Sebastian Knauer (born in Hamburg in 1971) is a German classical pianist.

== Early life and youth ==
Sebastian Knauer, born July 29, 1971, is from an old-established Hamburg-based business family. To this day, there is a memorial in honour of his forebear Georg Andreas Knauer (1759–1828) located on Eppendorfer Landstrasse at the corner of Loogestieg in Hamburg. A famous painting by Alexander Macco (1767–1849), who was acquainted with Ludwig van Beethoven and Johann Wolfgang von Goethe, portrays Georg Andreas Knauer surrounded by his family.
Sebastian Knauer's father Wolfgang Knauer (1942–2018) was a journalist and worked for many years for the Norddeutscher Rundfunk broadcaster, including as Head of the NDR Kultur programme; he was also the initiator and editor of a popular satirical radio show.
His mother, Christa Knauer, was awarded the Bundesverdienstkreuz (Federal Cross of Merit) for her services to the voluntary sector in Germany.

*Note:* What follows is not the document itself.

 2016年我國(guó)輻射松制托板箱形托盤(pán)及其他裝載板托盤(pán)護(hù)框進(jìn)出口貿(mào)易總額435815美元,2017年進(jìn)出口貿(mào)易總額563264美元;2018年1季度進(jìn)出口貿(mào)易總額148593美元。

Sebastian Knauer began taking piano lessons at the age of five. He was soon declared a child prodigy and in 1985 opened the Congress for Highly Talented Children in Hamburg. He gave his stage debut in 1984 in the Laeiszhalle in Hamburg. He was awarded the prestigious Eduard Söring Prize by the Hamburg State Opera Trust when he was only 17 years of age.

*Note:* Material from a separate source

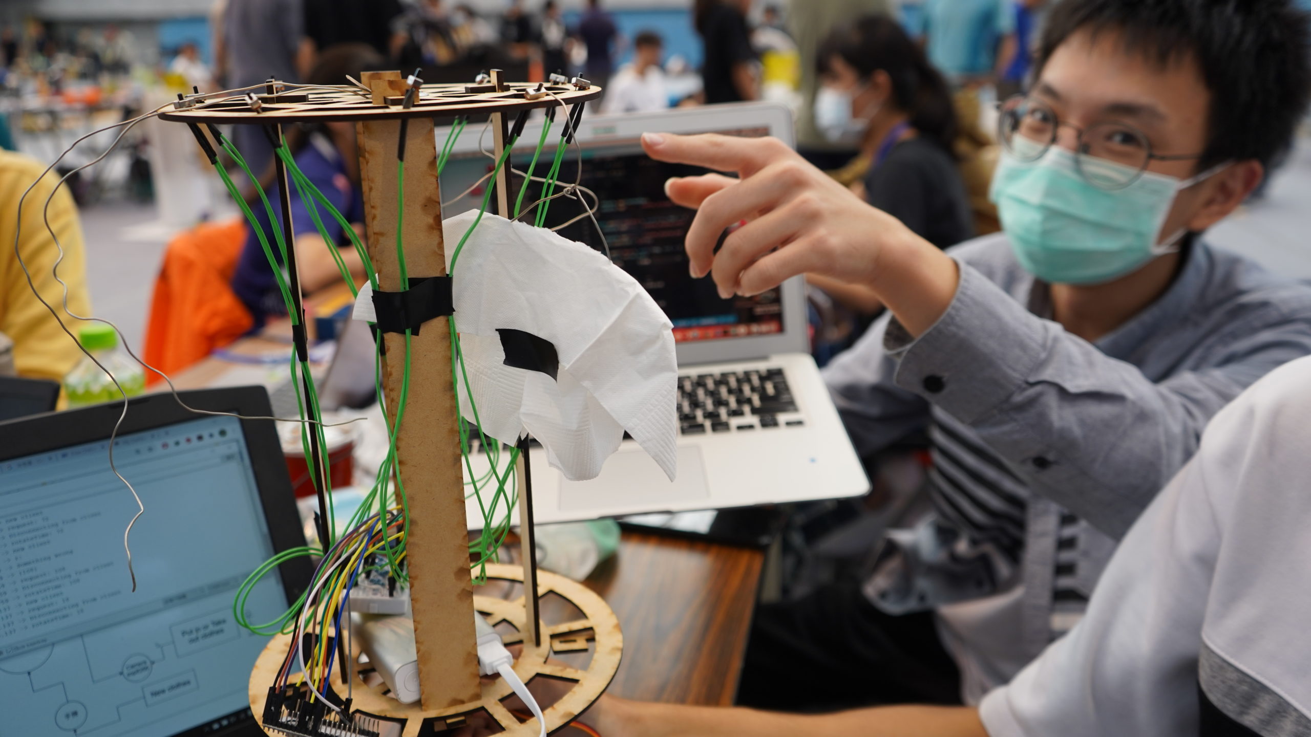 “閉嘴,戴上口罩”。在所有作品中最讓人印象深刻的,莫過於這組簡潔有力傳達作品理念的同學,他們想做的,是用人工智慧懲罰不戴口罩的人。透過AI與機械的結合,只要讓威盛Pixetto偵測到鏡頭前的人沒戴口罩,機器就會自動發射”口罩大砲。雖然此作品以娛樂性質為主,精準度還有改善的空間,但他們絕佳的創意仍為他們拿下了威盛特別獎。

He studied in Hamburg with Professor Gernot Kahl, who was able in turn to pass on the subtlety of touch that he had learned from his teachers Edwin Fischer and Géza Anda. Sebastian Knauer also studied with Professor Karl Heinz Kämmerling in Hanover and also took instruction from Philippe Entremont, under whose guiding hand he has given recitals worldwide, sometimes in duets for two pianos. He also attended courses given by Sir András Schiff and Alexis Weissenberg.
Sebastian Knauer lives with his wife and two children in Hamburg.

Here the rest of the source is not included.